■ **Exercise brief**
Pictures aside, restate the records below exactly as written.

::::::::::

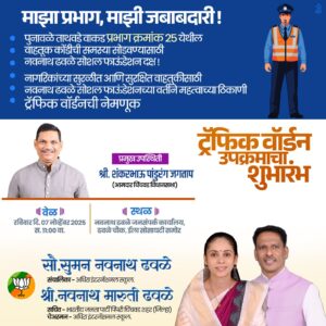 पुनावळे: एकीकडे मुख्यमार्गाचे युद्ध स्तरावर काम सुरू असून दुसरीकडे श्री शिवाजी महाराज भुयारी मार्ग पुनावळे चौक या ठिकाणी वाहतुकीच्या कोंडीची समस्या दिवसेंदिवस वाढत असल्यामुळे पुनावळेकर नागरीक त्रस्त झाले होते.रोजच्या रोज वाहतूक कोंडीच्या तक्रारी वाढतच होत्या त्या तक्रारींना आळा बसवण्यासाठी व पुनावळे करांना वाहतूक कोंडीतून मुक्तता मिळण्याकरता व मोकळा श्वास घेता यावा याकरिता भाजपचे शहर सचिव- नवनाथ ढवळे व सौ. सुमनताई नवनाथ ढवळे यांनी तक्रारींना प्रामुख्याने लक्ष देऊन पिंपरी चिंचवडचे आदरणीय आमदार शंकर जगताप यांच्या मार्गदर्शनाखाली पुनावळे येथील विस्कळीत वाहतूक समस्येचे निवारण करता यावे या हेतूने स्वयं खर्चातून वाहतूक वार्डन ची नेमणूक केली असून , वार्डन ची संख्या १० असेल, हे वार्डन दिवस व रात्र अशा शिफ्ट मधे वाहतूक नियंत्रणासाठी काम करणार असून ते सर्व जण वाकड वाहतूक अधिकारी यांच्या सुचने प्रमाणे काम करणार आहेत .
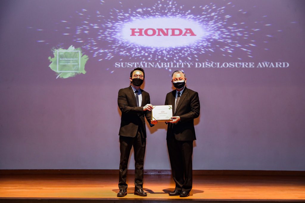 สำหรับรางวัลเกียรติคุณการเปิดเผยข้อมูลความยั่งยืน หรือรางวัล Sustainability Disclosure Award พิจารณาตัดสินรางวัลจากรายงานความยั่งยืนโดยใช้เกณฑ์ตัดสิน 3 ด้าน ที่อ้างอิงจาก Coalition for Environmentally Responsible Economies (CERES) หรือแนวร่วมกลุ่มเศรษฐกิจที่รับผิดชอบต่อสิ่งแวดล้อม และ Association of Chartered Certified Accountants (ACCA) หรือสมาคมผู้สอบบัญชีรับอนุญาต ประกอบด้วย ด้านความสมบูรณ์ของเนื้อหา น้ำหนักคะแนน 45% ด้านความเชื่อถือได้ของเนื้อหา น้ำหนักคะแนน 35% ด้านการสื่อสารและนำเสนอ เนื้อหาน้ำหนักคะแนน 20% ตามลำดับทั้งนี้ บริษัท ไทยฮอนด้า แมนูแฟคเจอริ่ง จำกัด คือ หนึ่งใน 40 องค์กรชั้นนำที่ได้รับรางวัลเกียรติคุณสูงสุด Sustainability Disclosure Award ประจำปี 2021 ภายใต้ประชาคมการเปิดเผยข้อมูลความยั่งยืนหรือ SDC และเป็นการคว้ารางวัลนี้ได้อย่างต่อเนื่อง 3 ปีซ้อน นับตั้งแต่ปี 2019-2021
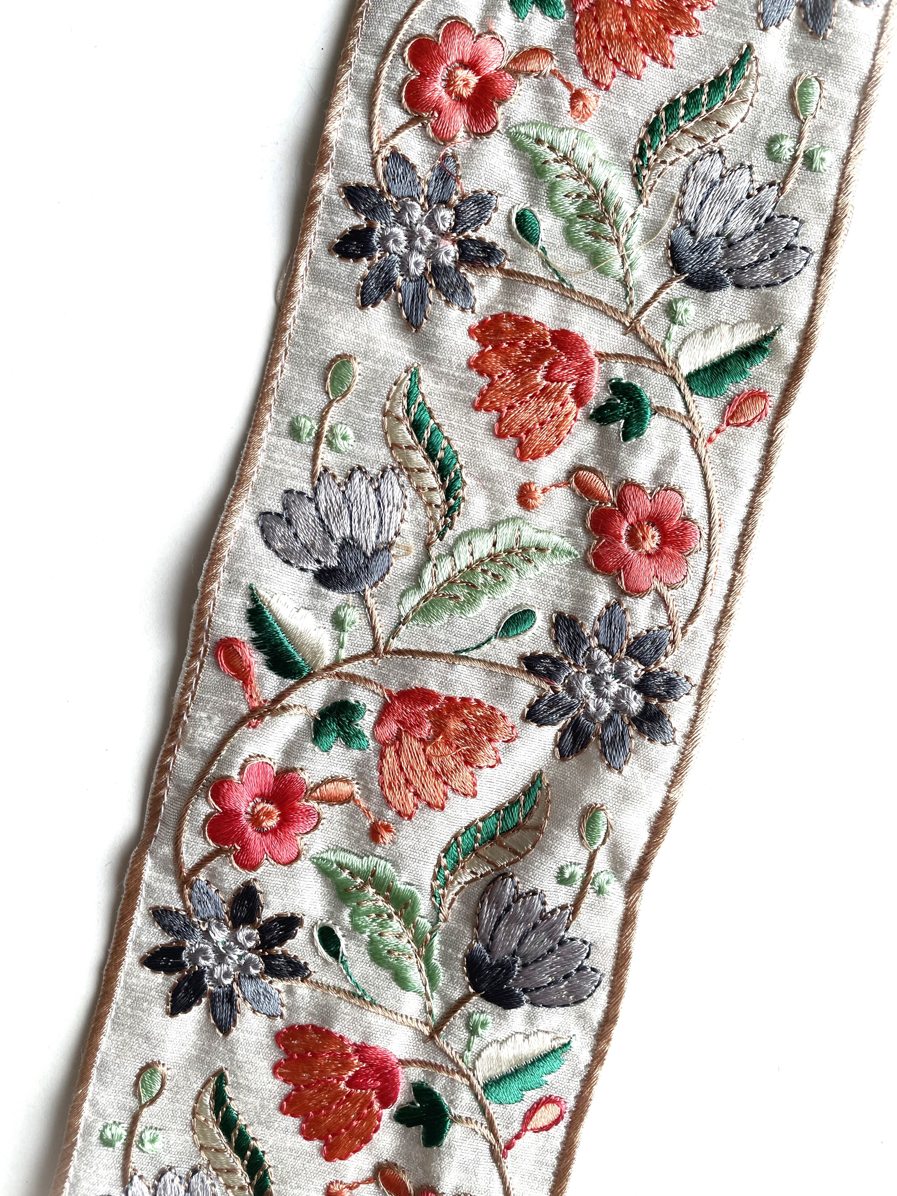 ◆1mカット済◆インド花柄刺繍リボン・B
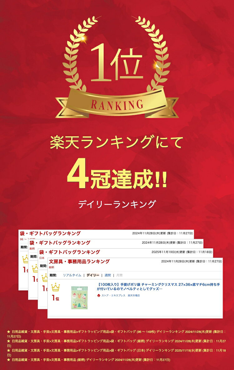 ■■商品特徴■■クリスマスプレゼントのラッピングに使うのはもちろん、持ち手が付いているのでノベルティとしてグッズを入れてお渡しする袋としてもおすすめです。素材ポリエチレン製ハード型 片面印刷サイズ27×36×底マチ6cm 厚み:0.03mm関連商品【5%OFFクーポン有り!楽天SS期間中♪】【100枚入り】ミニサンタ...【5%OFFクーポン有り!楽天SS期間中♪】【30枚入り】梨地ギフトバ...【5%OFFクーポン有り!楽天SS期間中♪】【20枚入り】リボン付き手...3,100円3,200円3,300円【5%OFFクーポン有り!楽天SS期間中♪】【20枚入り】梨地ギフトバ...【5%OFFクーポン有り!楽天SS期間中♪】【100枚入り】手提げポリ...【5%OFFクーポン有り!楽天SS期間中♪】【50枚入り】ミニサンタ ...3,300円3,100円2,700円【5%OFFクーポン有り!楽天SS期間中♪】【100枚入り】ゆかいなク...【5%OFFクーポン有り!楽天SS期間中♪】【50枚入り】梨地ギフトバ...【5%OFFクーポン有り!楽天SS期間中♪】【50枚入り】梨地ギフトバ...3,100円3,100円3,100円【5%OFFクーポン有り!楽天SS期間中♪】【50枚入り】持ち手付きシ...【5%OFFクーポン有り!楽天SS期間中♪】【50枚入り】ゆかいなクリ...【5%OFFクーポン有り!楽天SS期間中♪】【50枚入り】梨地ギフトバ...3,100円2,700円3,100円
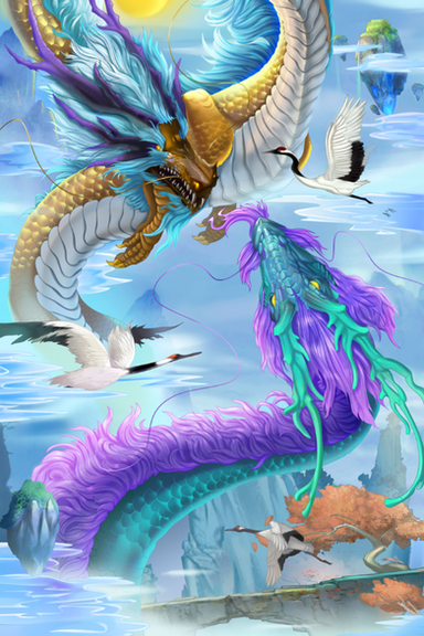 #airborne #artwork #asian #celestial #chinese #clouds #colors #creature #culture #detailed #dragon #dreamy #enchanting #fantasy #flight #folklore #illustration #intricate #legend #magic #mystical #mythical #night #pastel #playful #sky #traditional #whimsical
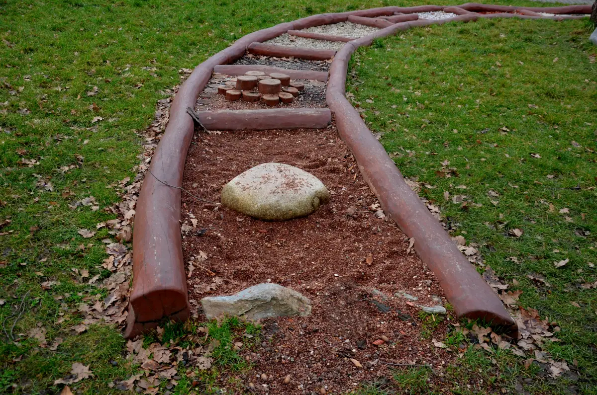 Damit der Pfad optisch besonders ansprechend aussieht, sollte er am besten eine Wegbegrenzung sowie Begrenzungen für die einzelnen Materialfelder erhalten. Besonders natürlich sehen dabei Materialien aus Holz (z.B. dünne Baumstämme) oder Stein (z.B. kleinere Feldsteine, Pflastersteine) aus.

::::::::::

■ **Your response**
 पुनावळे: एकीकडे मुख्यमार्गाचे युद्ध स्तरावर काम सुरू असून दुसरीकडे श्री शिवाजी महाराज भुयारी मार्ग पुनावळे चौक या ठिकाणी वाहतुकीच्या कोंडीची समस्या दिवसेंदिवस वाढत असल्यामुळे पुनावळेकर नागरीक त्रस्त झाले होते.रोजच्या रोज वाहतूक कोंडीच्या तक्रारी वाढतच होत्या त्या तक्रारींना आळा बसवण्यासाठी व पुनावळे करांना वाहतूक कोंडीतून मुक्तता मिळण्याकरता व मोकळा श्वास घेता यावा याकरिता भाजपचे शहर सचिव- नवनाथ ढवळे व सौ. सुमनताई नवनाथ ढवळे यांनी तक्रारींना प्रामुख्याने लक्ष देऊन पिंपरी चिंचवडचे आदरणीय आमदार शंकर जगताप यांच्या मार्गदर्शनाखाली पुनावळे येथील विस्कळीत वाहतूक समस्येचे निवारण करता यावे या हेतूने स्वयं खर्चातून वाहतूक वार्डन ची नेमणूक केली असून , वार्डन ची संख्या १० असेल, हे वार्डन दिवस व रात्र अशा शिफ्ट मधे वाहतूक नियंत्रणासाठी काम करणार असून ते सर्व जण वाकड वाहतूक अधिकारी यांच्या सुचने प्रमाणे काम करणार आहेत .
 สำหรับรางวัลเกียรติคุณการเปิดเผยข้อมูลความยั่งยืน หรือรางวัล Sustainability Disclosure Award พิจารณาตัดสินรางวัลจากรายงานความยั่งยืนโดยใช้เกณฑ์ตัดสิน 3 ด้าน ที่อ้างอิงจาก Coalition for Environmentally Responsible Economies (CERES) หรือแนวร่วมกลุ่มเศรษฐกิจที่รับผิดชอบต่อสิ่งแวดล้อม และ Association of Chartered Certified Accountants (ACCA) หรือสมาคมผู้สอบบัญชีรับอนุญาต ประกอบด้วย ด้านความสมบูรณ์ของเนื้อหา น้ำหนักคะแนน 45% ด้านความเชื่อถือได้ของเนื้อหา น้ำหนักคะแนน 35% ด้านการสื่อสารและนำเสนอ เนื้อหาน้ำหนักคะแนน 20% ตามลำดับทั้งนี้ บริษัท ไทยฮอนด้า แมนูแฟคเจอริ่ง จำกัด คือ หนึ่งใน 40 องค์กรชั้นนำที่ได้รับรางวัลเกียรติคุณสูงสุด Sustainability Disclosure Award ประจำปี 2021 ภายใต้ประชาคมการเปิดเผยข้อมูลความยั่งยืนหรือ SDC และเป็นการคว้ารางวัลนี้ได้อย่างต่อเนื่อง 3 ปีซ้อน นับตั้งแต่ปี 2019-2021
 ◆1mカット済◆インド花柄刺繍リボン・B
 ■■商品特徴■■クリスマスプレゼントのラッピングに使うのはもちろん、持ち手が付いているのでノベルティとしてグッズを入れてお渡しする袋としてもおすすめです。素材ポリエチレン製ハード型 片面印刷サイズ27×36×底マチ6cm 厚み:0.03mm関連商品【5%OFFクーポン有り!楽天SS期間中♪】【100枚入り】ミニサンタ...【5%OFFクーポン有り!楽天SS期間中♪】【30枚入り】梨地ギフトバ...【5%OFFクーポン有り!楽天SS期間中♪】【20枚入り】リボン付き手...3,100円3,200円3,300円【5%OFFクーポン有り!楽天SS期間中♪】【20枚入り】梨地ギフトバ...【5%OFFクーポン有り!楽天SS期間中♪】【100枚入り】手提げポリ...【5%OFFクーポン有り!楽天SS期間中♪】【50枚入り】ミニサンタ ...3,300円3,100円2,700円【5%OFFクーポン有り!楽天SS期間中♪】【100枚入り】ゆかいなク...【5%OFFクーポン有り!楽天SS期間中♪】【50枚入り】梨地ギフトバ...【5%OFFクーポン有り!楽天SS期間中♪】【50枚入り】梨地ギフトバ...3,100円3,100円3,100円【5%OFFクーポン有り!楽天SS期間中♪】【50枚入り】持ち手付きシ...【5%OFFクーポン有り!楽天SS期間中♪】【50枚入り】ゆかいなクリ...【5%OFFクーポン有り!楽天SS期間中♪】【50枚入り】梨地ギフトバ...3,100円2,700円3,100円
 #airborne #artwork #asian #celestial #chinese #clouds #colors #creature #culture #detailed #dragon #dreamy #enchanting #fantasy #flight #folklore #illustration #intricate #legend #magic #mystical #mythical #night #pastel #playful #sky #traditional #whimsical
 Damit der Pfad optisch besonders ansprechend aussieht, sollte er am besten eine Wegbegrenzung sowie Begrenzungen für die einzelnen Materialfelder erhalten. Besonders natürlich sehen dabei Materialien aus Holz (z.B. dünne Baumstämme) oder Stein (z.B. kleinere Feldsteine, Pflastersteine) aus.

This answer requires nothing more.